(Exercise input)

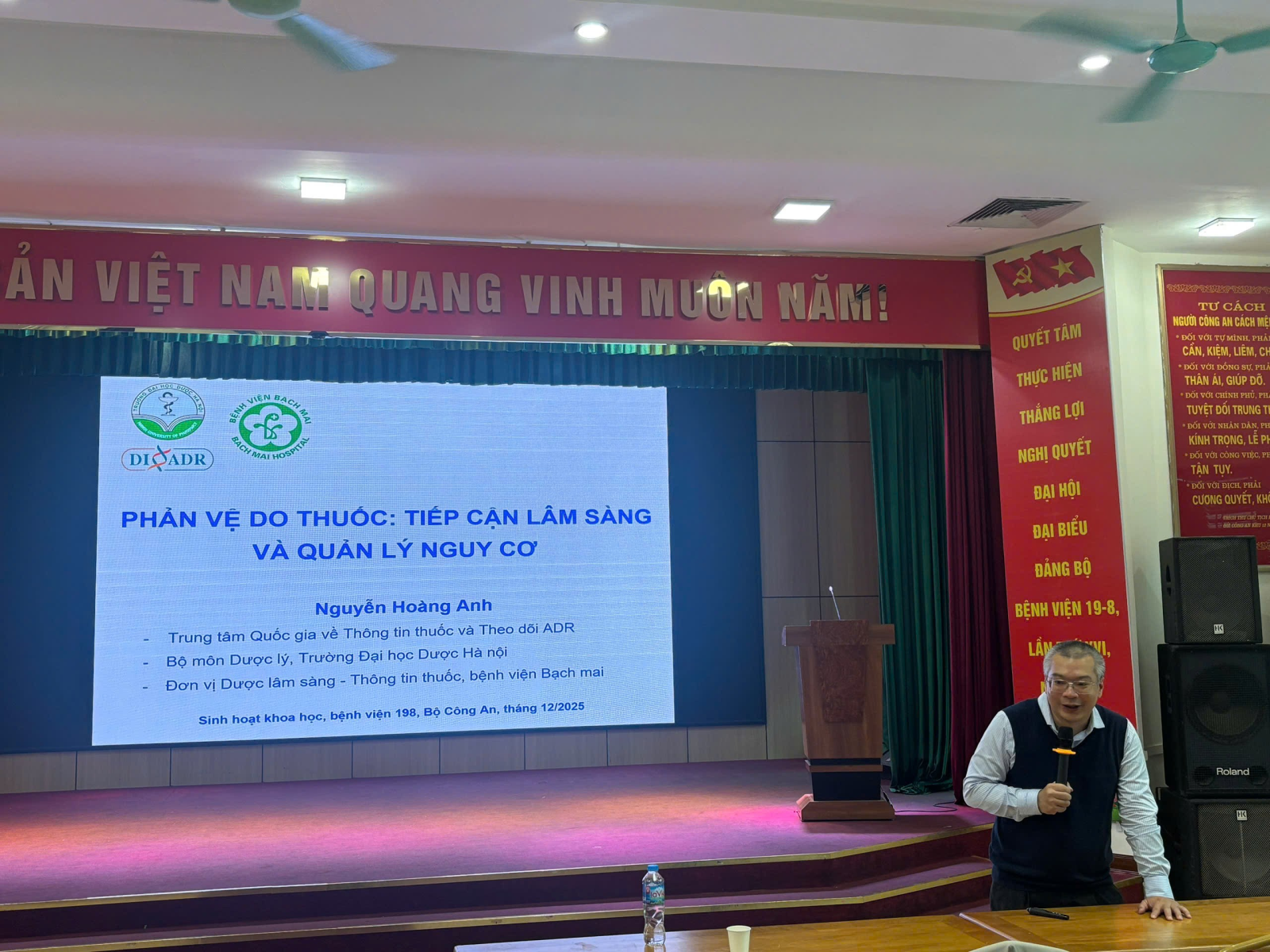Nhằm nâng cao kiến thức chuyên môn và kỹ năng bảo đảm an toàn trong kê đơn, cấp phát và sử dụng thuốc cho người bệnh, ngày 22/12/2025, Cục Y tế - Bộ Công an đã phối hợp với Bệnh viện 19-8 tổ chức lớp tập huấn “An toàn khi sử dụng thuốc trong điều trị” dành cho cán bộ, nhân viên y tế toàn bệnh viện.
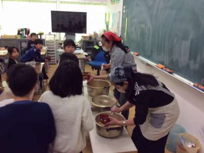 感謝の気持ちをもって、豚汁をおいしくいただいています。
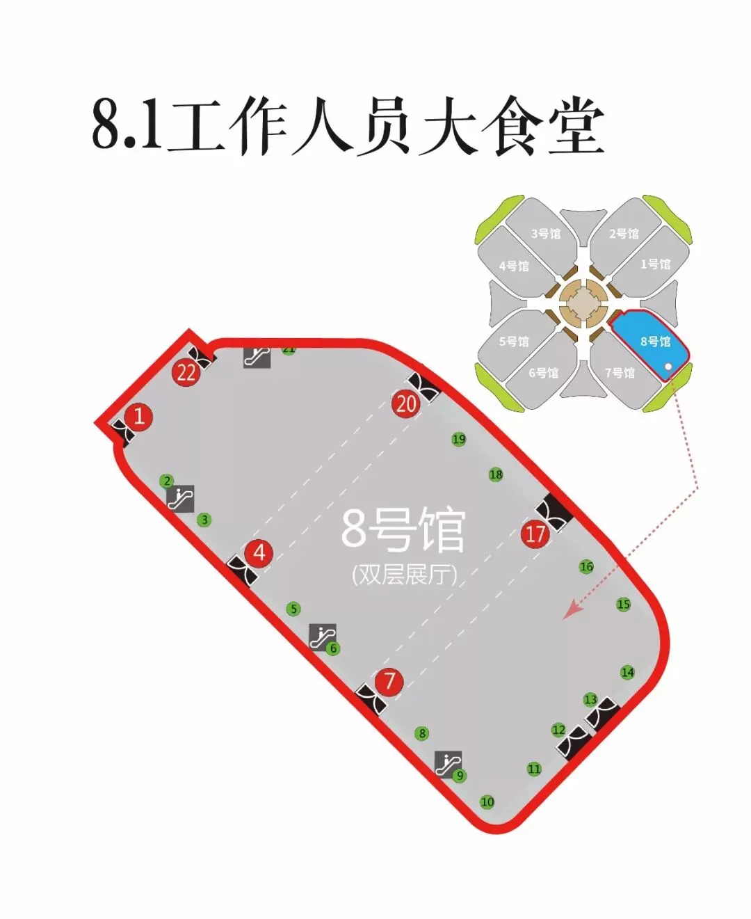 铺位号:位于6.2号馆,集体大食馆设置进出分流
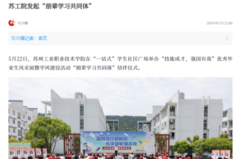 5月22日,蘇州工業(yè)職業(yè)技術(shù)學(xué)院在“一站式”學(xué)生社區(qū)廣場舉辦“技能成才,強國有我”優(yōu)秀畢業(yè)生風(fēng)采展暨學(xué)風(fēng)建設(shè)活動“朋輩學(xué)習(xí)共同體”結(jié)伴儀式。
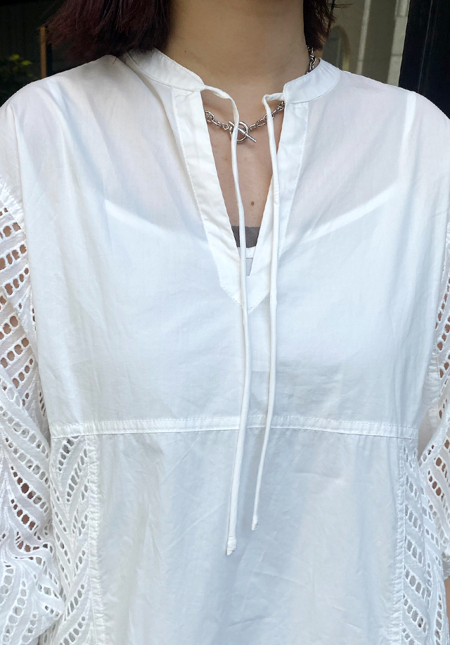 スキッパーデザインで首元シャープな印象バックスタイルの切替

(End Exercise input)
(Exercise input)

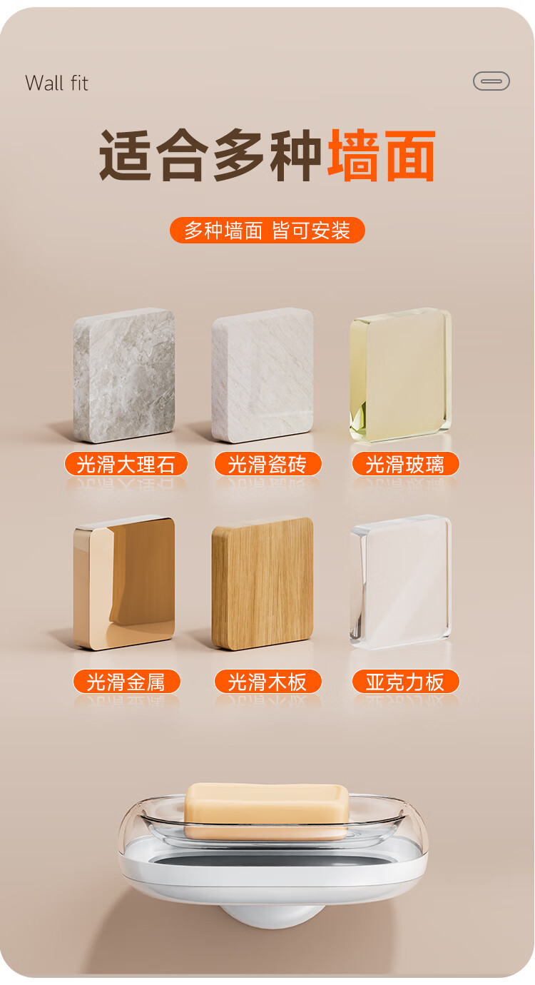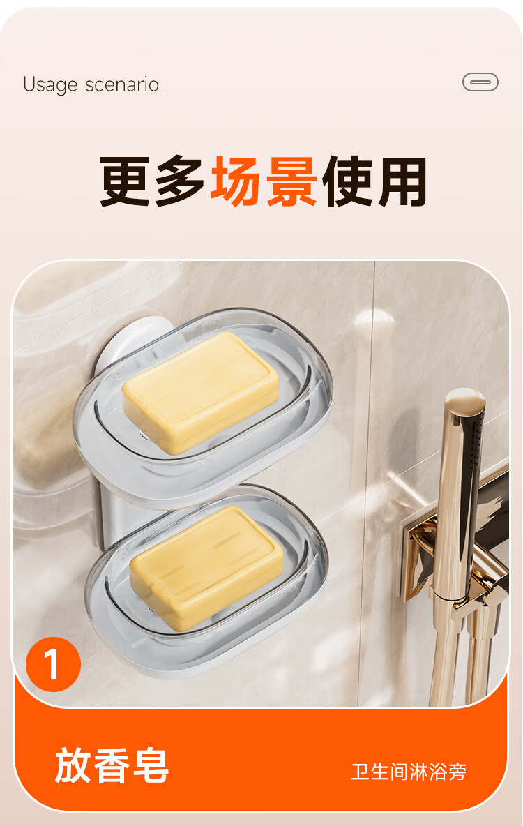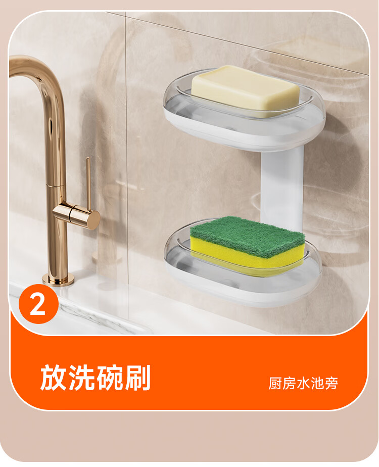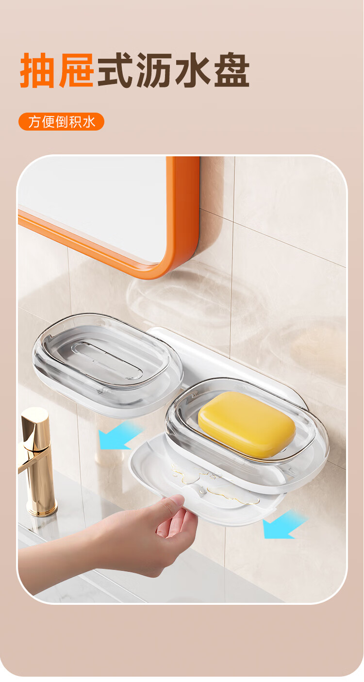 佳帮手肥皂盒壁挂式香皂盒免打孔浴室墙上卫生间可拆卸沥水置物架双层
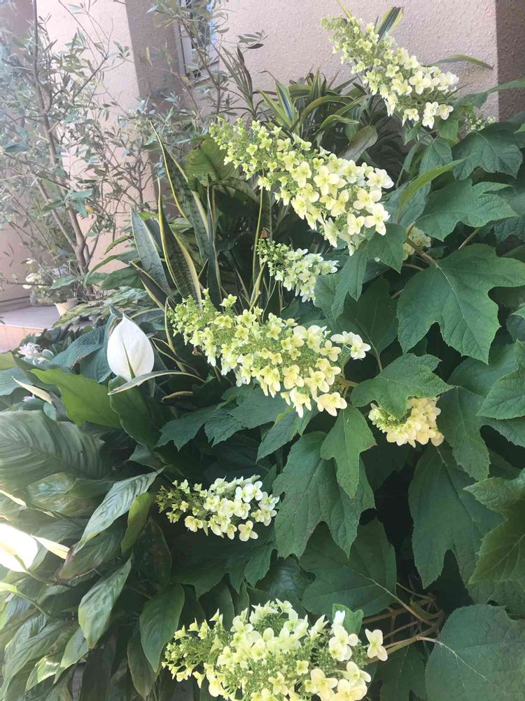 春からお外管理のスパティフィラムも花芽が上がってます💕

(End Exercise input)
(Exercise input)

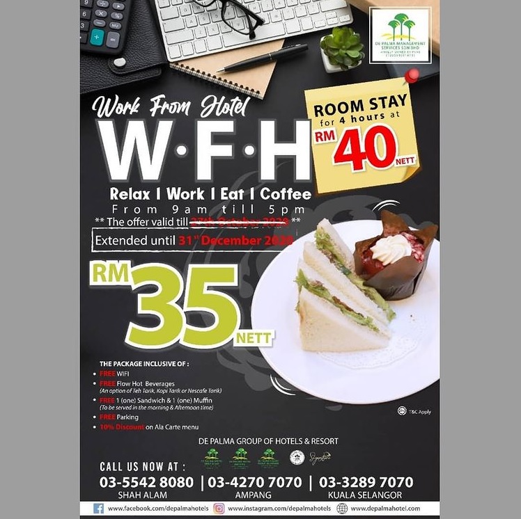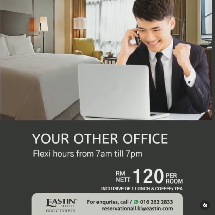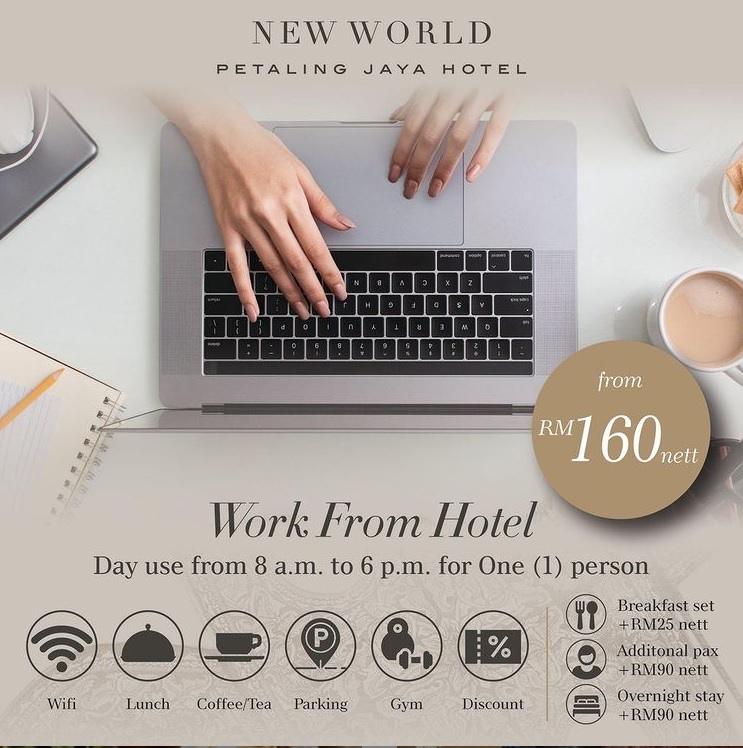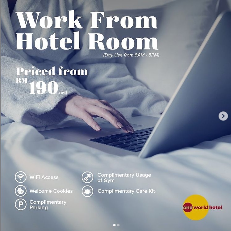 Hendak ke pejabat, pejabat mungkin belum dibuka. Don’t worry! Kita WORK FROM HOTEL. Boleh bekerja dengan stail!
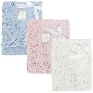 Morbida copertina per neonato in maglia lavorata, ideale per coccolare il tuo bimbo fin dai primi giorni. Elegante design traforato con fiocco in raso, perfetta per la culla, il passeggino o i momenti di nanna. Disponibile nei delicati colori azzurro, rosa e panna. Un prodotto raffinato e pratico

(End Exercise input)

● Your goal
Out of the records above, return only the lines from the one with "感謝の気持ちをもって、豚汁をおいしくいただいています。" through the one with "スキッパーデザインで首元シャープな印象バックスタイルの切替", exactly, and none of the pictures.

● Solution to this exercise
 感謝の気持ちをもって、豚汁をおいしくいただいています。
 铺位号:位于6.2号馆,集体大食馆设置进出分流
 5月22日,蘇州工業(yè)職業(yè)技術(shù)學(xué)院在“一站式”學(xué)生社區(qū)廣場舉辦“技能成才,強國有我”優(yōu)秀畢業(yè)生風(fēng)采展暨學(xué)風(fēng)建設(shè)活動“朋輩學(xué)習(xí)共同體”結(jié)伴儀式。
 スキッパーデザインで首元シャープな印象バックスタイルの切替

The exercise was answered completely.